There have been dozens of adaptions of A Christmas Carol over the years. Some better than others, but with each bringing something new or interesting to the beloved story. Now, I don't consider myself to be an authority on A Christmas Carol- I haven't read the book, and I certainly haven't seen all of the movies. But I can say with certainty that Scrooge will likely please even the grouchiest of humbugs.

You know the story: An old grump named Ebenezer Scrooge is visited by three ghosts representing the past, present, and future respectively. They have come so that Scrooge might see the error in his ways, and redeem himself before he permanently dooms himself in the afterlife.

Scrooge does everything a Christmas movie should do. It provides a Christmas-y atmosphere, it references plenty of Christmas carols, and it leaves you all warm and fuzzy inside when the film ends. If you love Christmas, you will more than likely enjoy yourself while watching Scrooge.

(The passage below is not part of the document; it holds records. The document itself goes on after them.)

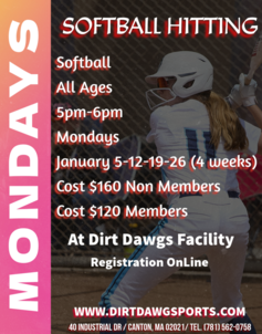 MONDAYS BASEBALL & SOFTBALL HITTING w/ALEX
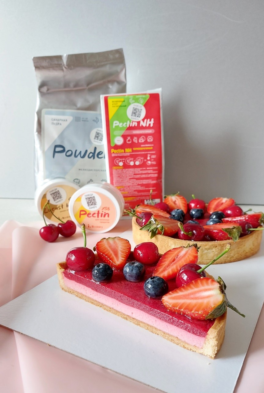 тарт с начинкой, с применением пектинов х 58 и nh от ILbakery и нейтральной глазурью из смеси Neutral glaze от ILbakery, или растительным желатином Vegetable gelatin от ILbakery.
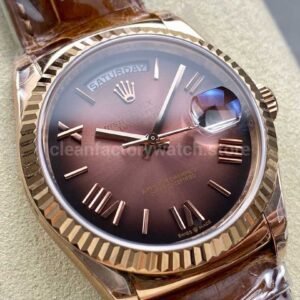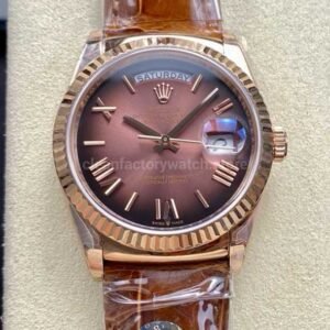 8+ Factory counterweight Rolex Day-Date 36mm 128235-0037 Rose Gold Crocodile Leather Strap Diamond Mope Baguette Diamond Brown Ombré Dial
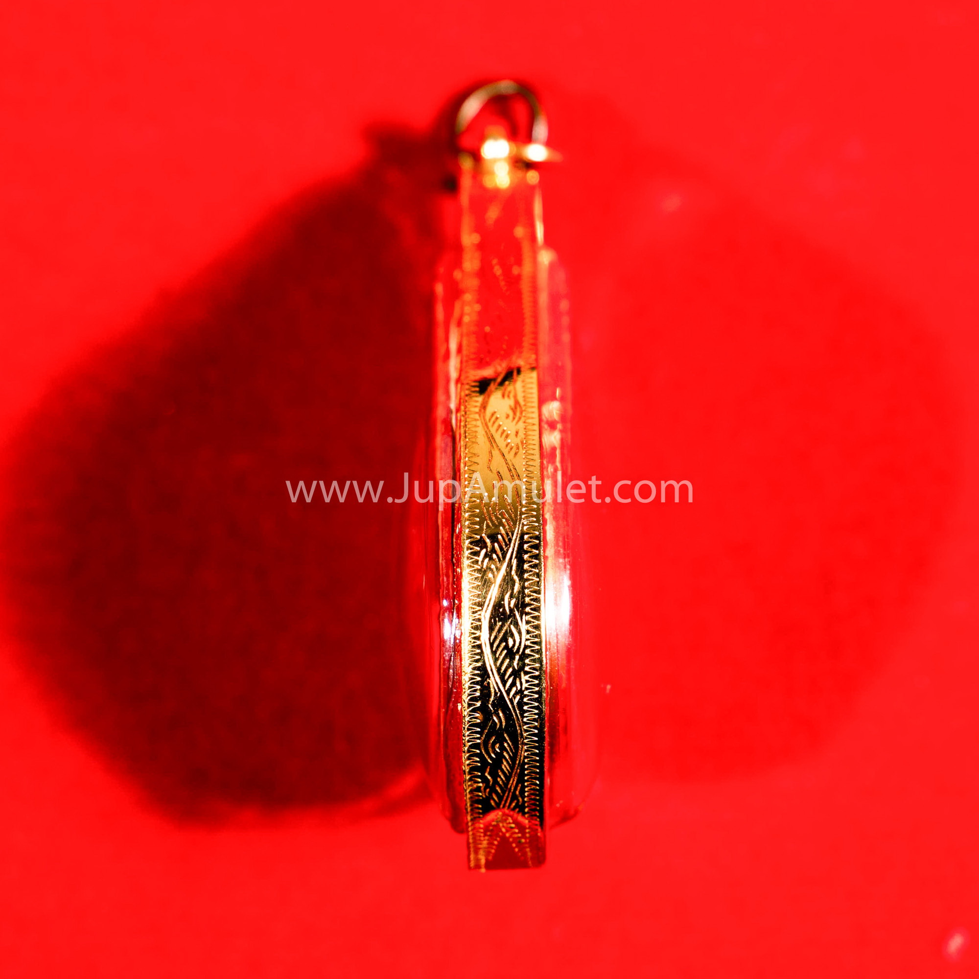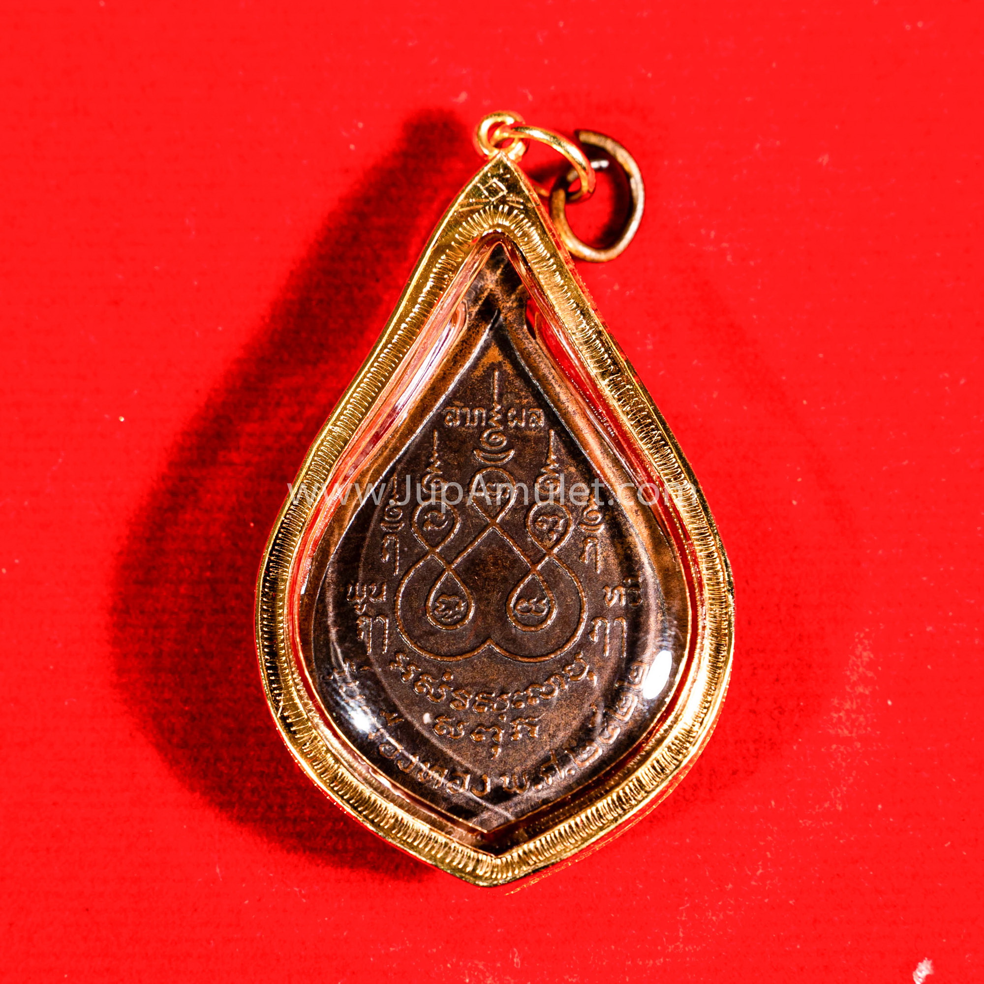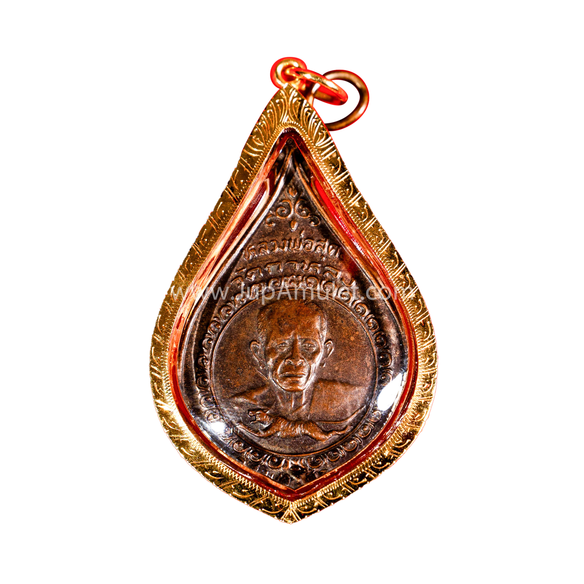 หลวงพ่อสุด เหรียญหยดน้ำ รุ่นเมืองทอง ปี 2522 เนื้อทองแดง พร้อมเลี่ยมกรอบทองคำแท้ ธรรมดา
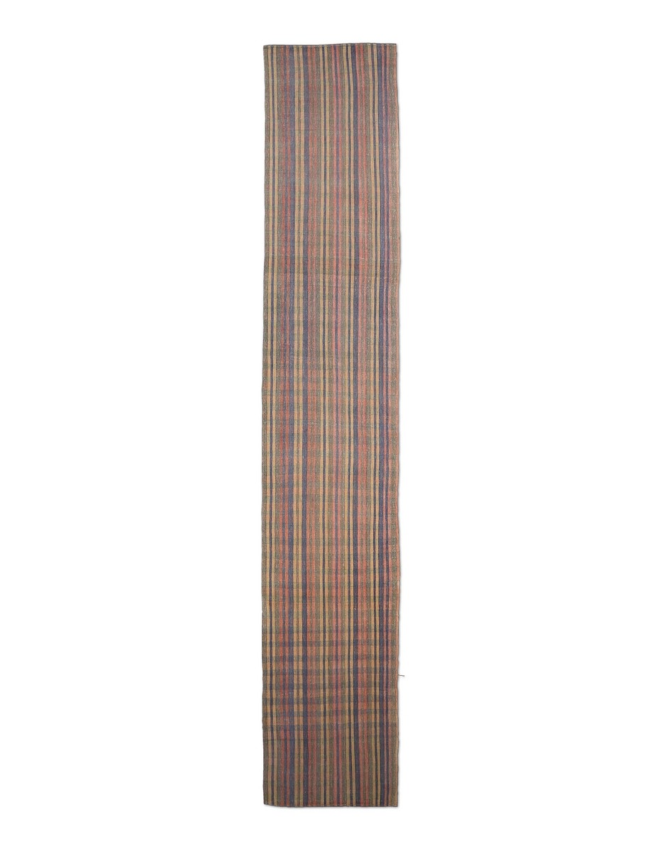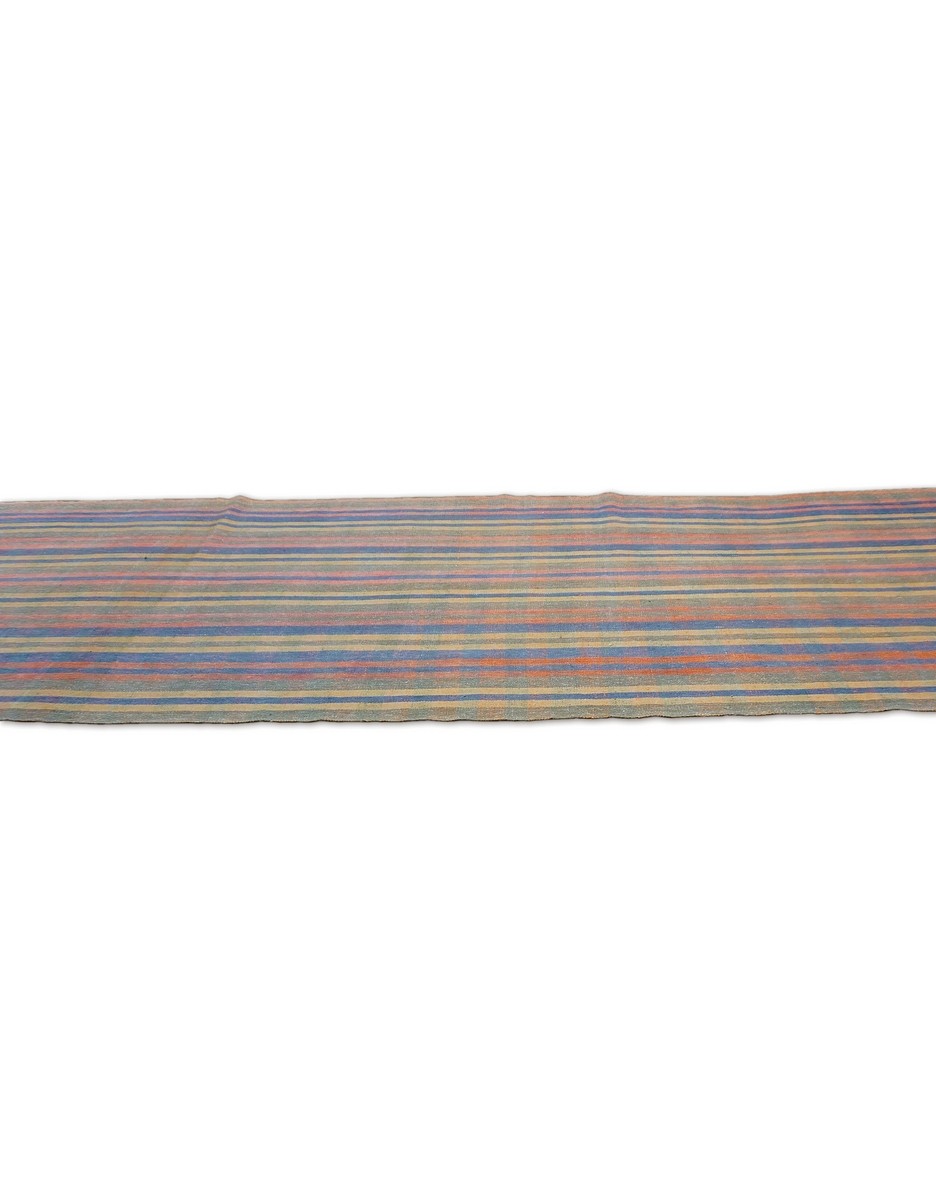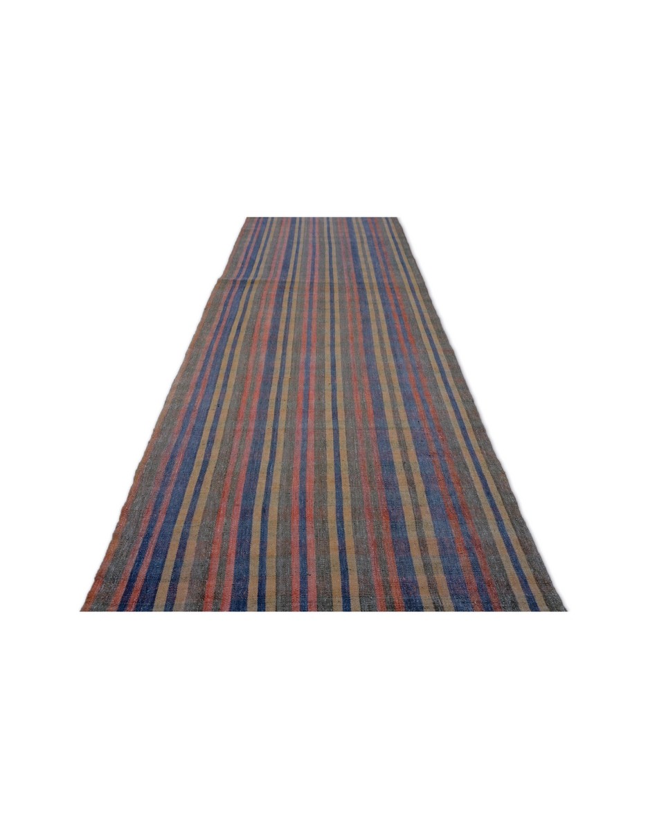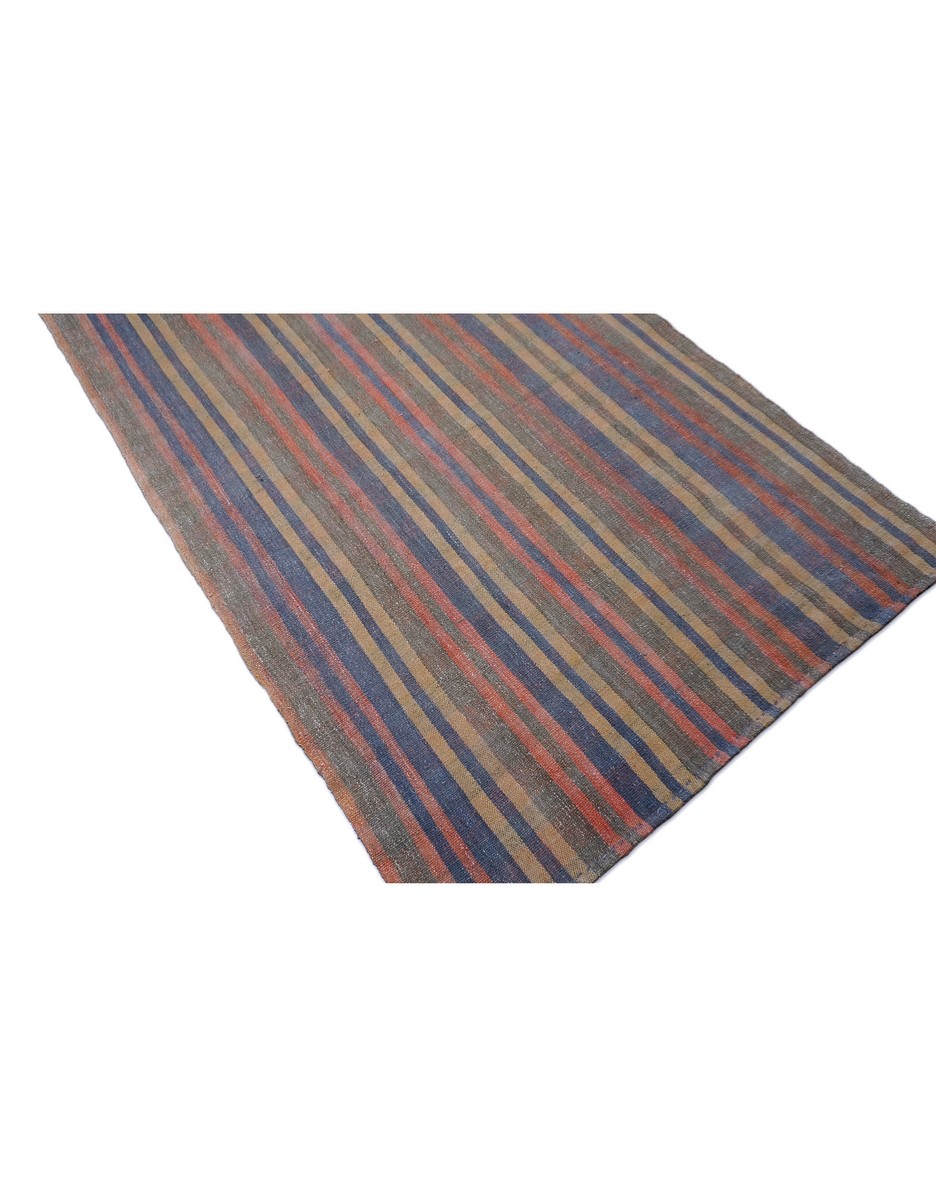 A beautiful vintage kilim is handwoven by Master Artisans using handspun goat hair in Turkey. Kilims are flat woven rugs in a technique that comes from Anatolia, parts of Iran, the Caucasus, and Turkestan. This Mazandaran style minimalist kilim offers simple designs in natural colors.

Something worth noting is that Scrooge is a musical, and therefore has a large number of songs. Though some merely consist of characters saying rhyming dialogue without even singing. The songs are generally likable, though I found many to be forgettable, and one was borderline annoying ("Thank You Very Much"). The only song that really stands out is "Christmas Children," which is a beautiful song that perfectly captures the feeling of Christmas. Also notable is "A Christmas Carol" which opens the film during the opening credits.

The performances are solid all around. Albert Finney is especially impressive as the title character, Scrooge, perfectly selling the old miser, despite only being 34 at the time of this film. A performance that often gets overlooked, despite it being really excellent is Alec Guinness as Marley's ghost. Also very notable is Edith Evans (Christmas Past), Kenneth More (Christmas Present), David Collings (Bob Cratchit), and Richard Beaumont (Tiny Tim).

The score, composed by Leslie Bricusse (who also wrote the songs and the screenplay) is appropriately Christmas-y, but not especially memorable. Then again, most of the score is covered with lyrics, as there is little music without song.

Scrooge is not a perfect movie. It has some small pacing issues, not all of the songs are good, and I suppose one could say that this film is pretty cheesy. And yet, I would be lying if I didn't say that I definitely cried at the end. Yeah, Scrooge has some problems, but when a film fills you up with so much Christmas cheer as this one did, it's relatively easy to forgive its few problems.